For multi-line log entries (Java stack traces, for example), use the /s flag (dotAll) so that . matches newlines, or use [\s\S] as a cross-engine alternative. Combine with lazy quantifiers: /ERROR[\s\S]*?(?=\n\d{4}-|$)/ matches from ERROR to the next log entry's timestamp.
Performance warning: backtracking can make regex exponentially slow on certain inputs. The pattern /(a+)+b/ on the string "aaaaaaaaaaaaaaaaac" takes seconds because the engine tries every possible way to split the a's between the inner and outer groups. If you're parsing untrusted input (user-submitted text, log files from unknown sources), use RE2-compatible patterns or set a timeout.
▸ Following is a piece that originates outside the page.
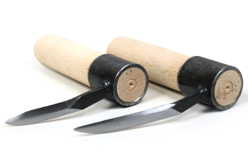 弊社の製品は鍛造品です。ハンマーによって鍛えられた鋼は粘り強く、耐久性にすぐれ、世代を超えてお使いいただきたいと願い日々製作しております。長年の経験をもとに、火造りによって各部の厚みをバランス良く調節し、それぞれの用途に応じて作業しやすいように角度や反りを設定してありますので、疲れにくく長くご使用いただけます。 |

// Apache access log parsing with named groups
const logPattern = /^(?<ip>\S+) \S+ \S+ \[(?<time>[^\]]+)\] "(?<method>\S+) (?<path>\S+) \S+" (?<status>\d+) (?<size>\d+)/;
const line = '192.168.1.1 - - [21/May/2026:10:15:32 +0000] "GET /api/users HTTP/1.1" 200 1234';
const { groups } = line.match(logPattern);
// groups.ip = "192.168.1.1"
// groups.status = "200"
// groups.path = "/api/users"
// Extract all key=value pairs from a log line
const kvPattern = /(?<key>[\w.]+)=(?<value>"[^"]*"|\S+)/g;
const entries = [...line.matchAll(kvPattern)].map(m => m.groups);When Regex Is the Wrong Tool
HTML parsing: Don't. The famous Stack Overflow answer about parsing HTML with regex (the one about summoning Zalgo) is funny because it's true. HTML is not a regular language — nested tags, self-closing elements, attributes with quotes inside quotes, CDATA sections, and comments all break regex. Use DOMParser in the browser or cheerio/jsdom in Node.js.
JSON validation: A regex cannot validate nested JSON because it can't count matching braces. You can check if something looks like JSON (/^\s*[{\[]/) but you can't verify it's valid. Use JSON.parse() in a try/catch. Our JSON formatter tool does this with proper error reporting.
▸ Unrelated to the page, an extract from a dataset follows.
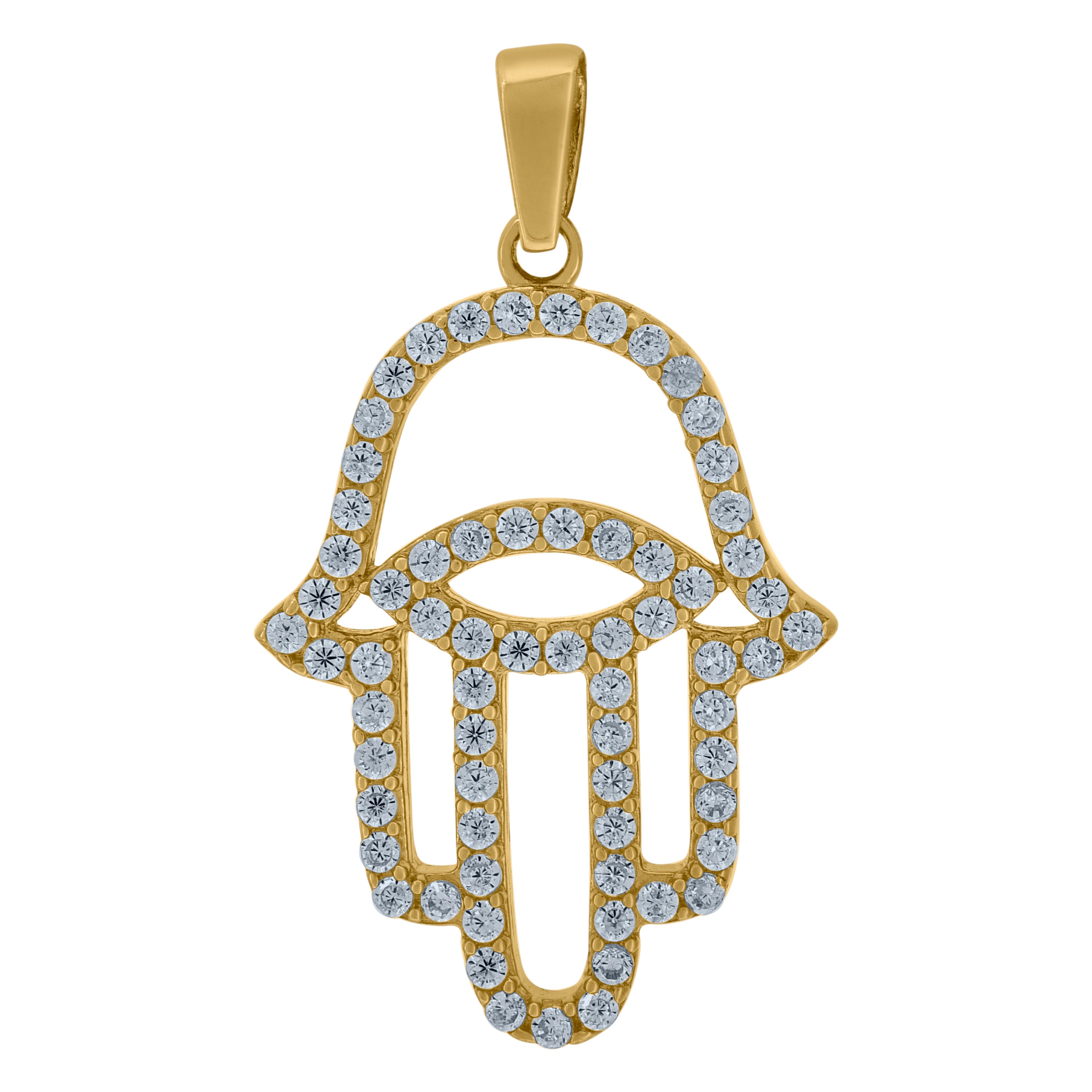 Elevate your style with this exquisite 14Kt Yellow Gold Hand of Humsa Charm Pendant. Weighing a delicate 1.4 grams, this polished piece features a stunning white round cubic zirconia set in a secure prong setting. Measuring 26mm in height and 15mm in width, it boasts a single bail closure for easy wear. Perfect for adding a touch of elegance and spiritual symbolism to any ensemble.

Arithmetic expressions: Anything with nested parentheses or operator precedence needs a parser, not a regex. If you're building a calculator or formula evaluator, look into recursive descent parsers or parser combinators (like nearley.js or PEG.js).
Natural language processing: Regex can tokenize text and find simple patterns, but it can't understand grammar, handle ambiguity, or deal with context. Sentence splitting looks easy until you hit "Dr. Smith went to Washington, D.C. He arrived at 3 p.m." — every period is ambiguous. Use a proper NLP library (spaCy, compromise) for anything beyond simple pattern matching.
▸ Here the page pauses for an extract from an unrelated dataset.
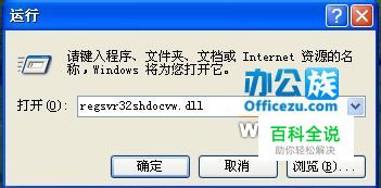 再次打开运行输入“regsvr32shdocvw.dll”。

Regex Performance Tips and Common Pitfalls
Compile once, use many times. In JavaScript, define your regex outside the loop: const pattern = /\d+/g; not inside it. In Python, use re.compile(). The compilation cost is small but adds up over millions of iterations. In a benchmark I ran, pre-compiled regex was 3x faster than inline regex over 10 million matches.
Avoid catastrophic backtracking. Patterns like /(.+)+@/ or /(a|a)+b/ can take exponential time on non-matching inputs. The rule: never nest quantifiers on overlapping patterns. If you're not sure, test your regex against pathological inputs (long strings of repeated characters that almost match). The regex101.com debugger shows backtracking steps.
Use atomic groups or possessive quantifiers when available. In Java and .NET, (?>pattern) prevents backtracking into the group. JavaScript doesn't support these yet (proposal is at Stage 3 as of 2026), but you can restructure patterns to avoid the need. Replace (.*)\d with ([^\d]*)\d — the character class can't match digits, so there's nothing to backtrack.
For large-scale text processing (scanning gigabytes of logs), consider tools built on finite automata instead of backtracking engines. ripgrep uses Rust's regex crate (based on RE2's approach) and processes text at 2-5 GB/s. It's literally 100x faster than grep -P for complex patterns because it never backtracks.